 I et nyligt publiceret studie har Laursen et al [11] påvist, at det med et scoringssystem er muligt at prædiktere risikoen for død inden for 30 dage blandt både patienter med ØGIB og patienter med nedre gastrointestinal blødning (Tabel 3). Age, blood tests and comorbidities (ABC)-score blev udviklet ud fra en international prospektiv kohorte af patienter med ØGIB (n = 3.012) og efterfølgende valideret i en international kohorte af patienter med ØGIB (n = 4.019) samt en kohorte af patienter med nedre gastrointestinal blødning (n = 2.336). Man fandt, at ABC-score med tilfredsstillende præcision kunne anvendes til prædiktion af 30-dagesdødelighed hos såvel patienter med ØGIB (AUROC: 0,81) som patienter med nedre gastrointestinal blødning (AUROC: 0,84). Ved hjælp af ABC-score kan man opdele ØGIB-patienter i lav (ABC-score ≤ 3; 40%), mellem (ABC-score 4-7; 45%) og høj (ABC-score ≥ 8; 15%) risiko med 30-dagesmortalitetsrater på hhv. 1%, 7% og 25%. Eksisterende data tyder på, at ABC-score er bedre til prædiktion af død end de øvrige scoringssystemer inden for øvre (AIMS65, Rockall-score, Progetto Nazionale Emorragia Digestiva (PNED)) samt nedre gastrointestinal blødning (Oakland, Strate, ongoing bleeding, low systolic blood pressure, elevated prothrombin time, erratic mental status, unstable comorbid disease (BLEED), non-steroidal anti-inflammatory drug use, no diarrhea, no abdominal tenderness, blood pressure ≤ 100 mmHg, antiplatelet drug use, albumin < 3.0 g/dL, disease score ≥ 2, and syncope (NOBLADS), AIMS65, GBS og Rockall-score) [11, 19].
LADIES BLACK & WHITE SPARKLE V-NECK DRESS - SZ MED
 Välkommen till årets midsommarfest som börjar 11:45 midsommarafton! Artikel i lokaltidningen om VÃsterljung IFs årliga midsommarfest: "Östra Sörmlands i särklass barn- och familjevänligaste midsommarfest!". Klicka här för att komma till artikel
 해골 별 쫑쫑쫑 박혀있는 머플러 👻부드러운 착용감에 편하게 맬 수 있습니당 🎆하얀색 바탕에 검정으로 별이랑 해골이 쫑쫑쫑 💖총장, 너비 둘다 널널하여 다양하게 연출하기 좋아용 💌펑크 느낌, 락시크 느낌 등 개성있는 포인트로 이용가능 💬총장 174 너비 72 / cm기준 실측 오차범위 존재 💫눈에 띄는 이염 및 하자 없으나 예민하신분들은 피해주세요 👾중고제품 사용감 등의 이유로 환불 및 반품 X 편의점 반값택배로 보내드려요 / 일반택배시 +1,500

::::

[Required action]:
Set out exactly the lines from the one bearing "Välkommen till årets" through the end of the data, including both ends and omitting all others.

[Response]:
 Välkommen till årets midsommarfest som börjar 11:45 midsommarafton! Artikel i lokaltidningen om VÃsterljung IFs årliga midsommarfest: "Östra Sörmlands i särklass barn- och familjevänligaste midsommarfest!". Klicka här för att komma till artikel
 해골 별 쫑쫑쫑 박혀있는 머플러 👻부드러운 착용감에 편하게 맬 수 있습니당 🎆하얀색 바탕에 검정으로 별이랑 해골이 쫑쫑쫑 💖총장, 너비 둘다 널널하여 다양하게 연출하기 좋아용 💌펑크 느낌, 락시크 느낌 등 개성있는 포인트로 이용가능 💬총장 174 너비 72 / cm기준 실측 오차범위 존재 💫눈에 띄는 이염 및 하자 없으나 예민하신분들은 피해주세요 👾중고제품 사용감 등의 이유로 환불 및 반품 X 편의점 반값택배로 보내드려요 / 일반택배시 +1,500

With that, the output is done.